(Stored data)
*** Begin section ***

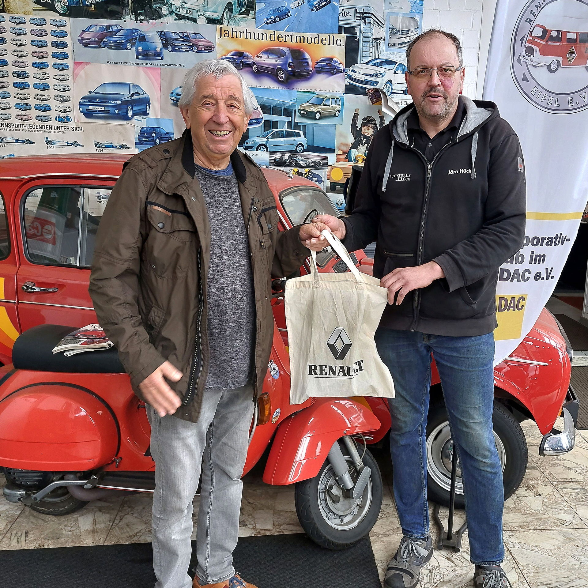 Aus der ganzen Bundesrepublik und den Beneluxländern waren 85 Besitzer der alten Schätzchen nach Roggendorf angereist, um dort ihre Renaults zu präsentieren. Ältestes Fahrzeug war ein Renault 4 CV von 1954. Besondere Aufmerksamkeit weckten zehn „Alpine“-Modelle. Des Weiteren waren durch die Modelle R4, R6, R8 und R16 fast das komplette Renault-Oldtimer-Programm zu sehen gewesen. Auch eine Tombola mit 150 Preisen trug dazu bei, dass Jörn Hück eine Spende von fast 1700 Euro an Willi Greuel übergeben konnte.
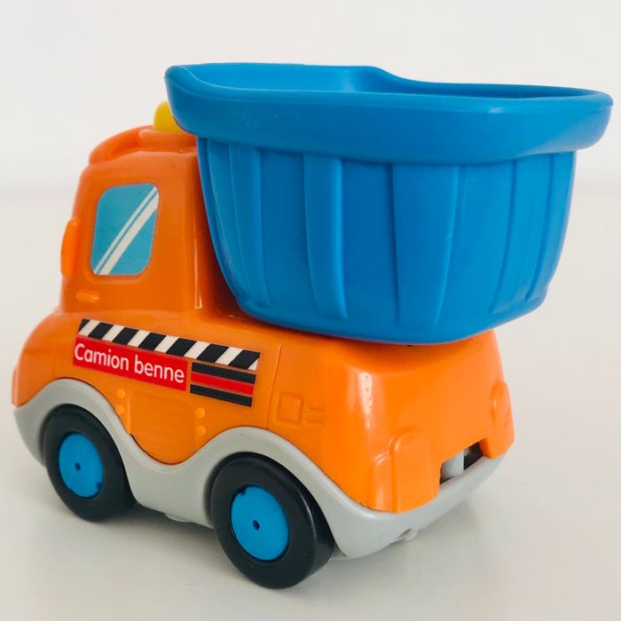 Je vends un véhicule interactif tutut bolide « Eden Camion Benne » en très bon état, excepté peinture un peu effacée à l’avant (voir dernière photo). Lorsqu’on appuie sur le bouton sur le toit la benne bouge. Musique, sons et lumière. Piles non fournies.
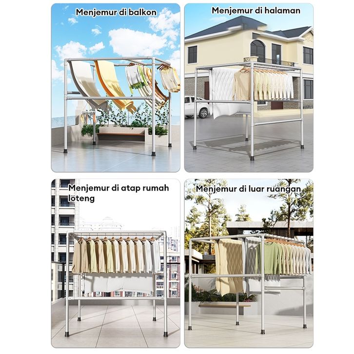 Jemuran Baju Jumbo Stainless Steel Rak Gantungan Baju Tabung Baja Persegi Serbaguna
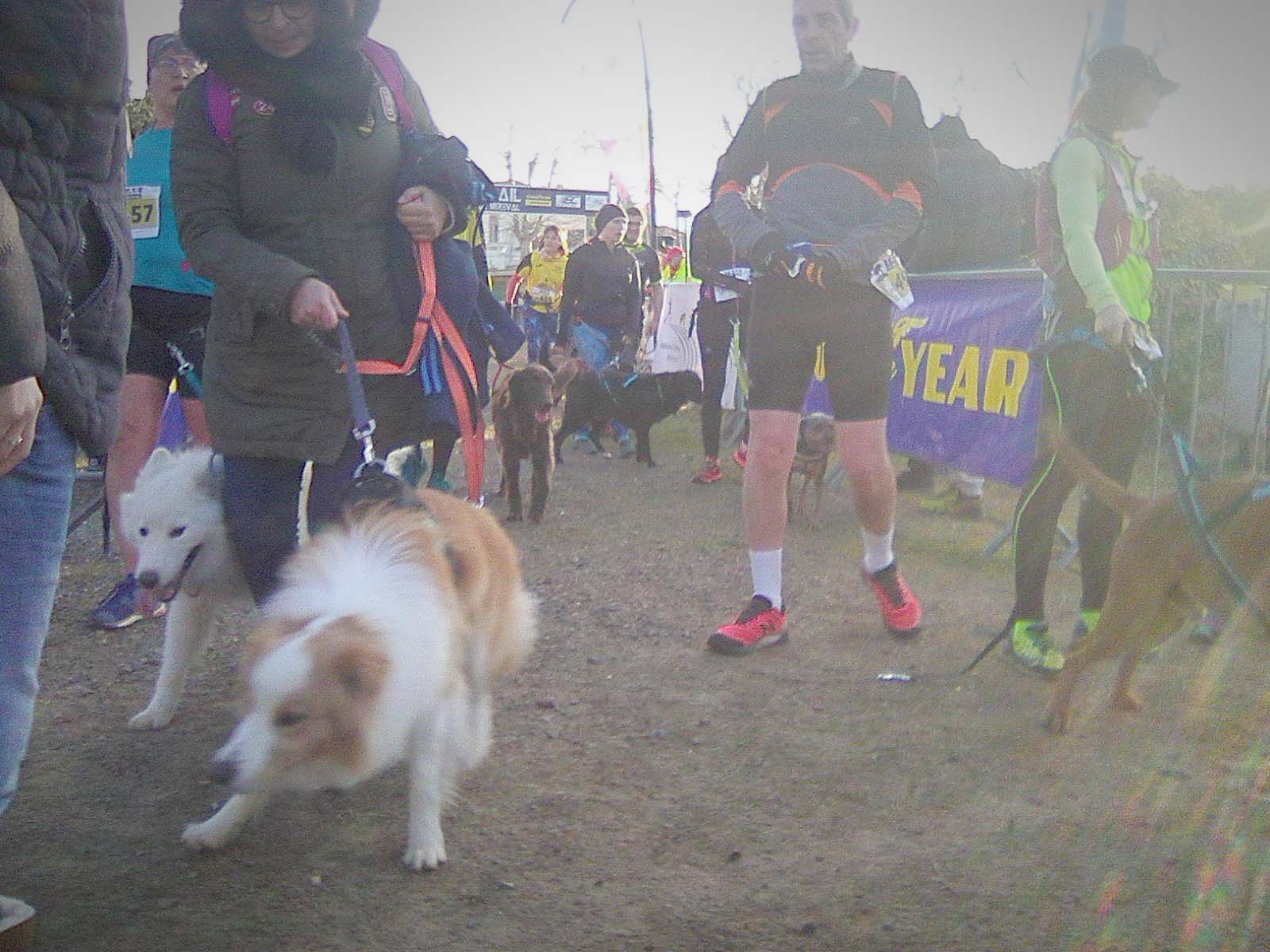 Alors c’est parti tan pis, dossard récupéré, harnais bien serré et hydratation du toutou effectuée, on prend place sur la ligne de départ… Derniers, c’est ça d’arriver en retard, de ne pas avoir une Delphine pour nous rappeler de se dépêcher. Tan pis il va falloir remonter et c’est ce que Monsieur K arrivera à faire avec brio tout au long de la course pour finalement se classer troisième. Un podium oui, pour le premier canicross officiellement Septimanien.
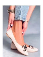 Elegantní dámské baleríny. Model se vyznačuje zlatou aplikací na přední straně, která dodává jedinečný styl..... Boty vypadají módně a elegantně, navíc jsou velmi pohodlné - mají měkkou vnitřní stélku s polštářkem. Vnější materiál - ekologická kůže.
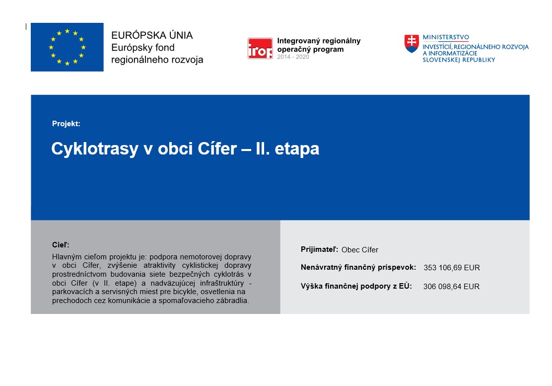 Názov projektu: Cyklotrasy v obci Cífer – 2. etapa (cyklotrasa z Trnavskej ulice, cez štátnu cestu Senec-Trnava, smerom na Pác a v miestnej časti Pác)
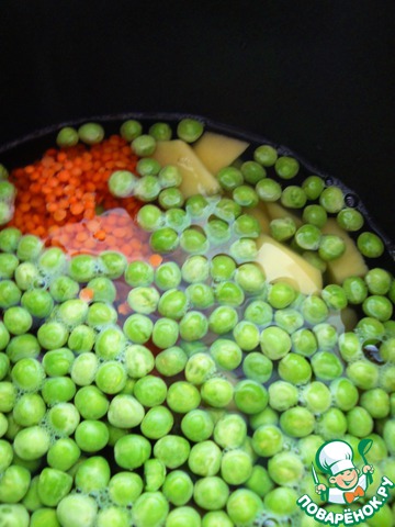 Картофель почистить и порезать на кусочки, положить в кастрюлю. Добавить зеленый горошек (можно прям замороженный), чечевицу и все залить горячим бульоном (водой).
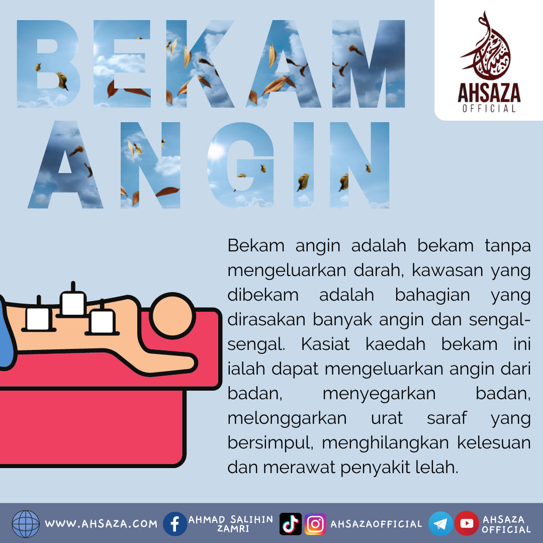 AHSAZA OFFICIAL menyediakan khidmat bekam dan mempunyai pembekam yang bertauliah dan pengiktirafan SKM3 dan ke atas. Bekam adalah teknik perubatan dengan kaedah mengeluarkan/membuang angin & darah kotor (sel darah merah yang rosak) dari dalam tubuh seseorang melalui permukaan kulit dengan sedutan cup bekam & seterusnya sayatan/torehan pisau bekam @ tusukan jarum pen bekam ke atas titik-titik bekam tertentu.

*** End section ***

◆ **PROMPT**
Your output should be only the lines from the line with "Názov projektu: Cyklotrasy" through the end of the data, exactly as they stand, and no pictures.

◆ **EXERCISE SOLUTION**
 Názov projektu: Cyklotrasy v obci Cífer – 2. etapa (cyklotrasa z Trnavskej ulice, cez štátnu cestu Senec-Trnava, smerom na Pác a v miestnej časti Pác)
 Картофель почистить и порезать на кусочки, положить в кастрюлю. Добавить зеленый горошек (можно прям замороженный), чечевицу и все залить горячим бульоном (водой).
 AHSAZA OFFICIAL menyediakan khidmat bekam dan mempunyai pembekam yang bertauliah dan pengiktirafan SKM3 dan ke atas. Bekam adalah teknik perubatan dengan kaedah mengeluarkan/membuang angin & darah kotor (sel darah merah yang rosak) dari dalam tubuh seseorang melalui permukaan kulit dengan sedutan cup bekam & seterusnya sayatan/torehan pisau bekam @ tusukan jarum pen bekam ke atas titik-titik bekam tertentu.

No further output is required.